Tumor growth was monitored and tumor volume was measured every 2 days using vernier caliper. Tumor volume was calculated as: volume (mm3) = L × W2 /2, where L is the length and W is the width of the tumor (in mm). Mice were euthanized when the tumor volume exceeded 2000 mm3 or there was severe skin necrosis defined as the end point of the study22,28. Spleen (Spl) and tumor draining lymph nodes (dLN) were aseptically removed from all the mice at the end point and were further processed to make single cell suspension. Cells were re-stimulated ex vivo with PMA and ionomycin for intracellular cytokine staining for analyzing the expression of CD4+ and CD8+ T cells producing IFN-γ using flow cytometry as described22,28.

Isolation of tumor-infiltrating lymphocytes (TILs)

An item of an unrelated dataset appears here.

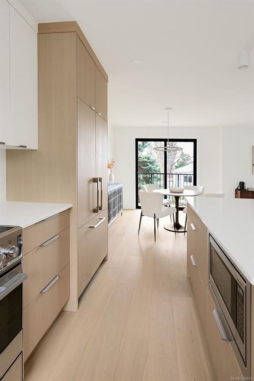 The three-level residence offers 3 bedrooms, 3 bathrooms plus a den,w 3 bedrooms on the upper level including a primary suite w spa-inspired ensuite,zero-edge shower,& custom walk-in closet.The open main floor features a custom kitchen w South Shore millwork & panel-ready Fisher Paykel appliances,flowing to private outdoor patios with gas-ideal for everyday living and entertaining.

In adoptive transfer B16-OVA melanoma tumor model experiment, mice were euthanized and tumors were excised, enzymatically digested with collagenase D (Roche; 11088858001) followed by mechanical disruption using gentleMACSTM Dissociator (Miltenyi Biotec)28. The cells were washed with media and passed through 40 µm strainer and subjected to percoll density gradient centrifugation yielding separate layers out of which a faint layer near to 63% percoll gradient in the tube was collected and washed twice with 1x PBS. The resulting cell pellet consists of TILs28. TILs were further re-stimulated ex vivo with PMA/ionomycin for six hours and stained with respective fluorochrome-tagged FACS antibodies for intracellular cytokine staining for analyzing the expression of CD4+ and CD8+ T cells producing IFN-γ using flow cytometry as described28.

Statistical analysis

GraphPad Prism 7.0 software was used for statistical analysis. Unpaired two-tailed Student’s t test for comparison of means between two groups; one-way ANOVA for comparison of means between more than two groups and two-way ANOVA test for comparison among multiple groups with two variables were used. All the statistical tests were followed by Tukey’s multiple comparison’s post-test. Differences were considered statistically significant with a P-value < 0.05 for all the experiments. All the data depicted in the bar graphs and scatter dot plots are represented as mean ± SEM.

Reporting summary

Further information on research design is available in the Nature Research Reporting Summary linked to this article.